PROBLEM
Write out again the lines from the line with "Transformation Architect - Emerging Markets" up to and including the line with "當(dāng)一個光信號在光", exactly as they stand below, and skip any picture.
*** DATA EXCERPTS Section Begins ***
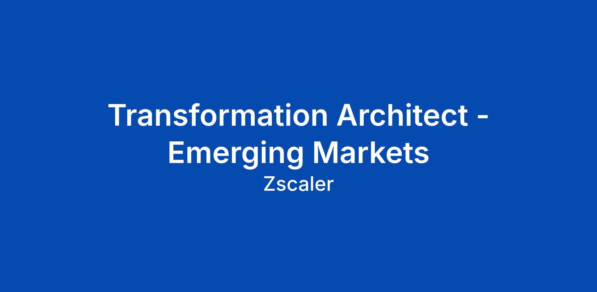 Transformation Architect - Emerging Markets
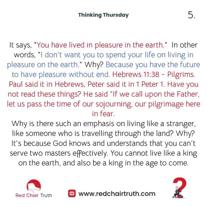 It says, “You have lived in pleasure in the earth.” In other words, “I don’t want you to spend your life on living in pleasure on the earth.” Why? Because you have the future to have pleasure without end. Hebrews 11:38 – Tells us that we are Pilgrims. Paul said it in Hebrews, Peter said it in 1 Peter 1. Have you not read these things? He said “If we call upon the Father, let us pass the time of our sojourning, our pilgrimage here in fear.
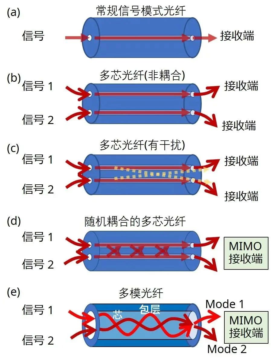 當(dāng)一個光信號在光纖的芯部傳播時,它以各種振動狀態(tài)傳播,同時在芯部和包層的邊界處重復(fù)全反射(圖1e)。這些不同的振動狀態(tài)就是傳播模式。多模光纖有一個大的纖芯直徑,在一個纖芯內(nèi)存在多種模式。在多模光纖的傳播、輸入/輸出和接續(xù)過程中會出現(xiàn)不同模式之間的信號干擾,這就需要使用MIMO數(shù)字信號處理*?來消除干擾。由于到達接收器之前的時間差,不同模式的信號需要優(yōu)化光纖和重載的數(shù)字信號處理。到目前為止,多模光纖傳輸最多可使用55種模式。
*** DATA EXCERPTS Section Ends ***
*** DATA EXCERPTS Section Begins ***
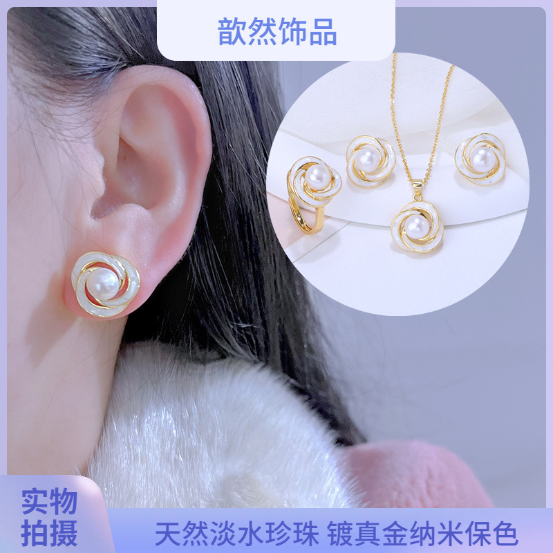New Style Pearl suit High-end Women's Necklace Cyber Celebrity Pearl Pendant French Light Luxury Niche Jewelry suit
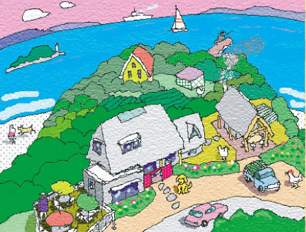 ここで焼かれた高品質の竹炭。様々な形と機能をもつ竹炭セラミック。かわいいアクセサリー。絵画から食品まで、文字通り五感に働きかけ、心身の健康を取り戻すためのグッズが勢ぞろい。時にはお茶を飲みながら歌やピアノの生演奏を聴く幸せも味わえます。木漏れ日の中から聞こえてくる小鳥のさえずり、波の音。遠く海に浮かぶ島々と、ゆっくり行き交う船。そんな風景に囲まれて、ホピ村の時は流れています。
*** DATA EXCERPTS Section Ends ***
*** DATA EXCERPTS Section Begins ***
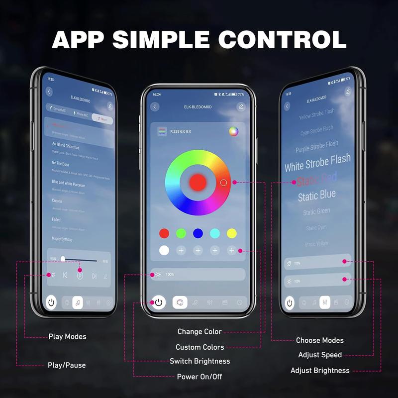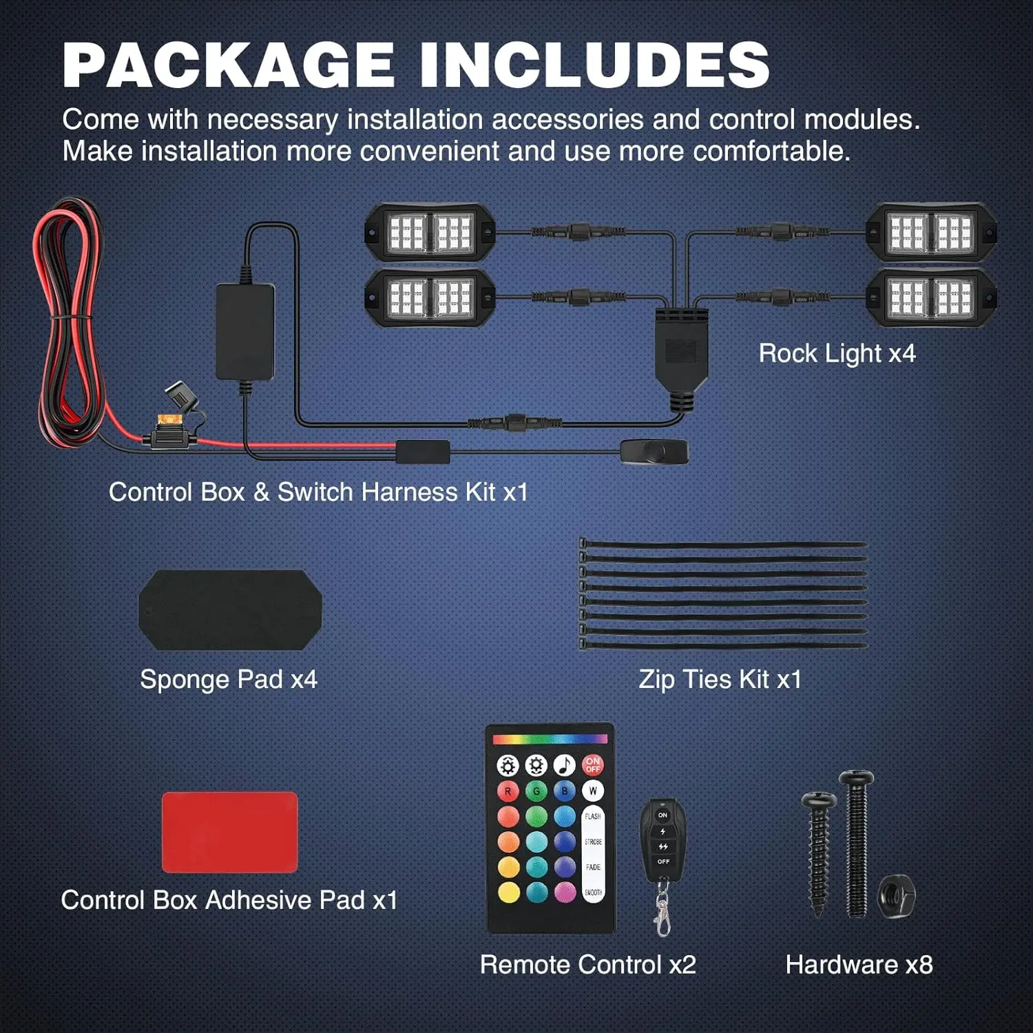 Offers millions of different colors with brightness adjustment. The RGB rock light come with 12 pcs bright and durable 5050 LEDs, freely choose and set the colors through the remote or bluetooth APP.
*** DATA EXCERPTS Section Ends ***
YOUR RESPONSE
 Transformation Architect - Emerging Markets
 It says, “You have lived in pleasure in the earth.” In other words, “I don’t want you to spend your life on living in pleasure on the earth.” Why? Because you have the future to have pleasure without end. Hebrews 11:38 – Tells us that we are Pilgrims. Paul said it in Hebrews, Peter said it in 1 Peter 1. Have you not read these things? He said “If we call upon the Father, let us pass the time of our sojourning, our pilgrimage here in fear.
 當(dāng)一個光信號在光纖的芯部傳播時,它以各種振動狀態(tài)傳播,同時在芯部和包層的邊界處重復(fù)全反射(圖1e)。這些不同的振動狀態(tài)就是傳播模式。多模光纖有一個大的纖芯直徑,在一個纖芯內(nèi)存在多種模式。在多模光纖的傳播、輸入/輸出和接續(xù)過程中會出現(xiàn)不同模式之間的信號干擾,這就需要使用MIMO數(shù)字信號處理*?來消除干擾。由于到達接收器之前的時間差,不同模式的信號需要優(yōu)化光纖和重載的數(shù)字信號處理。到目前為止,多模光纖傳輸最多可使用55種模式。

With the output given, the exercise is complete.